Deep in the heart of Nakuru county in Kenya, Ken Chemngorem is managing an impressive 20-acre modern farm. 14 dairy cows and 6 calves graze peacefully in the green terrain of the farm. For Ken, these cows mean a lot since they provide upto around 75 litres of milk everyday. And this milk is a huge income earner for his farm.
Recently Ken hasn’t been impressed with the cow’s overall milk production. He has thought hard and tested on several ways to improve his milk quantity and quality. His main headache is that the cows are not producing enough milk. His cows breed is the high milk yielding Fresian breed; His cow feeding program is well sufficient with adequate nappier, boma rhodes and hay – so why aren’t the cows producing enough milk?
“Having healthy soil leads to healthy nutritious fodder for the cows”
It is very unlikely for a dairy farmer to go to soil testing as a likely solution to his low milk yields. And that’s exactly what Ken did. By addressing the nutritional deficiencies in his soil, Ken went to the heart of the problem. His cows were getting enough fodder but not enough nutrients from the fodder. And the cows’ milk production did suffer as a result.
“Fodder take nutrients from the soil. If our soil doesn’t have nutrients, the animals feeding on the fodder will not get the sufficient nutrients”

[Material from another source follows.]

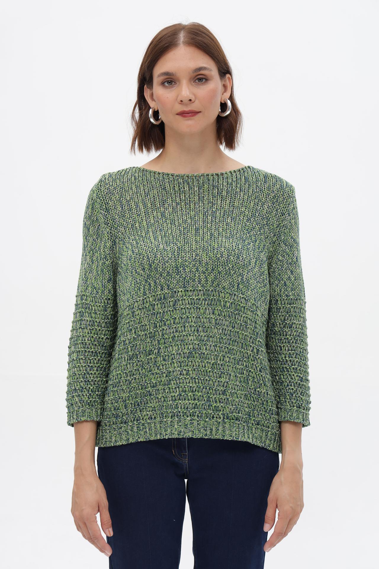 Пуловер Rabe collection, зелёный меланжевый, текстурная вязка

Sophie Mwaniki, CropNuts Agronomist, advises that testing the soil will uncover the hidden nutritional deficiencies that could be affecting your fodder and hampering milk production. After analyzing Ken’s soil, the soil report indicated that the soil did lack sufficient amount of Calcium, a key nutritional component in dairy milk. Our advise to Ken was to lime his soil with both Calcitic and Dolomitic Lime and Gypsum in order to produce a well balanced healthy nutritious fodder for the cows.